Medical device manufacturing covers small goods like surgical tools to massive MRI machines and biomedical devices. It also involves building custom parts like specialty surgical implants and prosthetics. Hardware medical device startups and mechanical engineers who wish to produce medical devices need to understand a few key points.
There is a lot of information out there about building devices, the right materials, and proper prototyping. In this article, we will break down five things to know about medical device manufacturing.
1. Recommended Materials
There are many materials involved in medical devices and contract manufacturing. The most common and recommended materials include a variety of metals, elastomers, resins, and thermoplastics.
Titanium and cobalt chromium are recommended for CNC machining. That’s because titanium has great biocompatibility. Additionally, Stainless steel may also be used to create surgical tools and temporary implants.
On the other hand, multi-color and multi-material Polyjet printing is usually used and recommended for manufacturing artificial organs and visual planning models for surgery.
While FDM has a high tolerance and works well in the process of making prosthetics and medical models. Such technology works well with a variety of materials, including PPSF, ULTEM, ABS M30i, and more.
Furthermore, ABS is recommended for sturdier prosthetics and bone implant replacements.
2. Understanding Processes
The processes used for CNC machining and 3D printing depend on a number of different factors. First and foremost, specific schedules and overall applications should be considered. To help paint a clearer picture of the processes that one should use, ask the following questions:
- Am I building a unique part?
- Am I building a low-volume part?
- Is the part supposed to be complex or custom for each individual patient?
- Are we creating a prototype, proof of concept, or a completed product?

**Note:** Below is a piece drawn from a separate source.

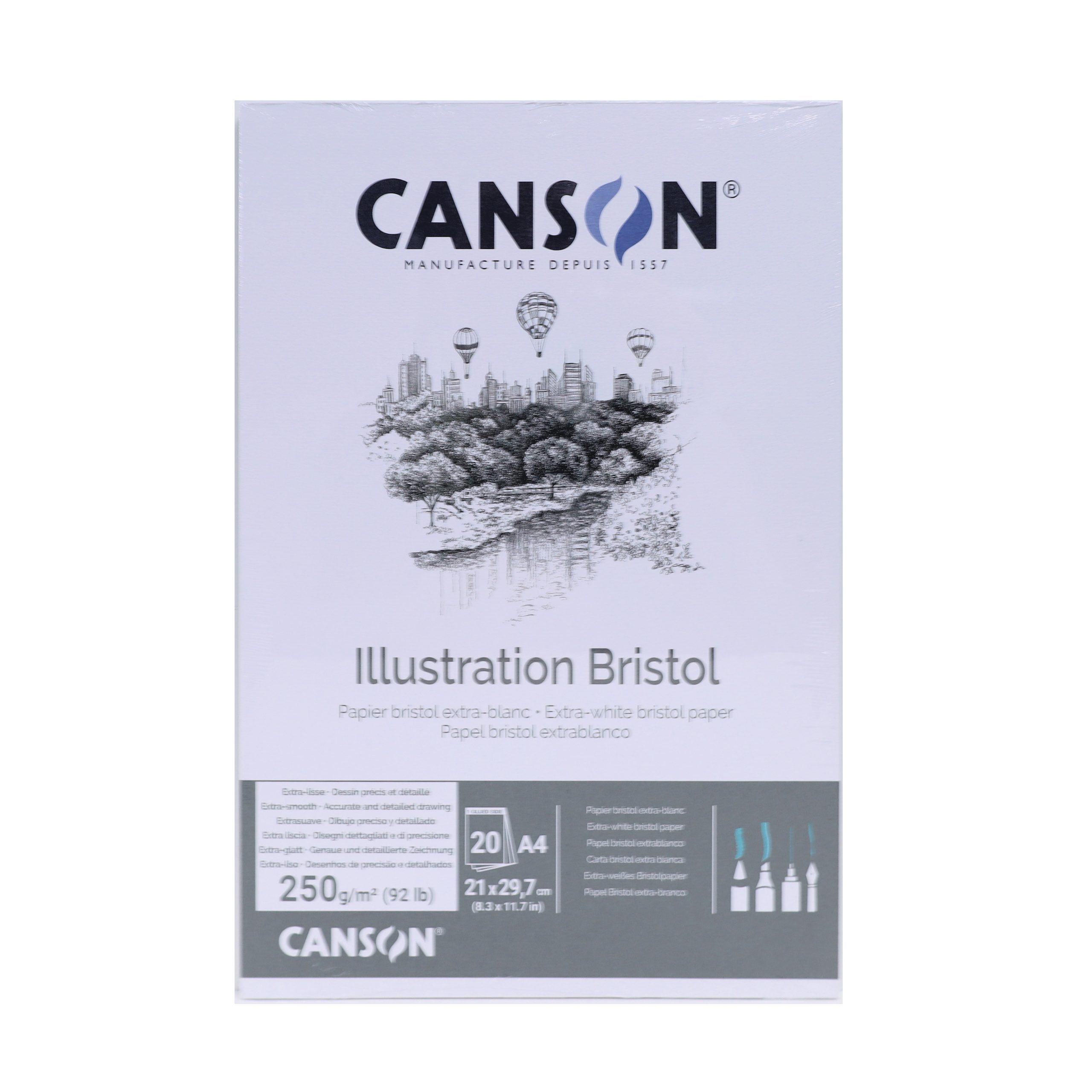 The Canson A4 Bristol Extra Smooth Surface Pad (250gsm) is a premium-quality pad designed for artists, illustrators, and designers who require an ultra-smooth, high-white surface for precision work. Each pad includes 20 sheets of 250gsm bristol board, glued along the short edge for easy removal.
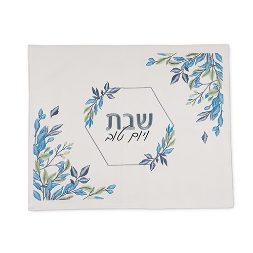 כיסוי חלה לבן מסטן עם ריקמה מלבנית "שבת ויום טו

- What materials will we be using?
It becomes much easier to figure out the process to use once you’ve answered these questions. Whether you should opt for additive manufacturing, injection molding, or CNC machining for your project.
It’s also good to note that traditional processes are often better for high-volume parts due to longer lead times. While additive processes are preferable for custom or low volume parts and prototypes.
3. Prototyping vs Production
Understanding the differences between prototyping and production is the key to successful medical device manufacturing. To get a more solid idea, it helps to look at a basic product life cycle.
Most manufacturers start with a concept and a customer contact. The next part is prototyping or engineering sampling. This is considered the design stage which involves the building of a few samples. In this phase, the design for the product is experimented with, changed, and ultimately finalized.
Thereafter, all necessary contact with the FDA must be established and your product must be approved for marketing.
Next, comes the development stage. This is where the production cycle will be planned and fine-tuned. This is a very important stage. It will determine how the product will be made, what materials should be used, what manufacturing techniques should be implemented, and what production documents need to be finalized.
From here comes the production stage. This is where the product is mass-produced using the techniques developed in the design and development stages. The result is the final product.
Hence, the difference between prototyping and production is that prototyping is much more flexible. It is a period of experimentation and development. While production is determined with design processes. The end result is what the consumer wants.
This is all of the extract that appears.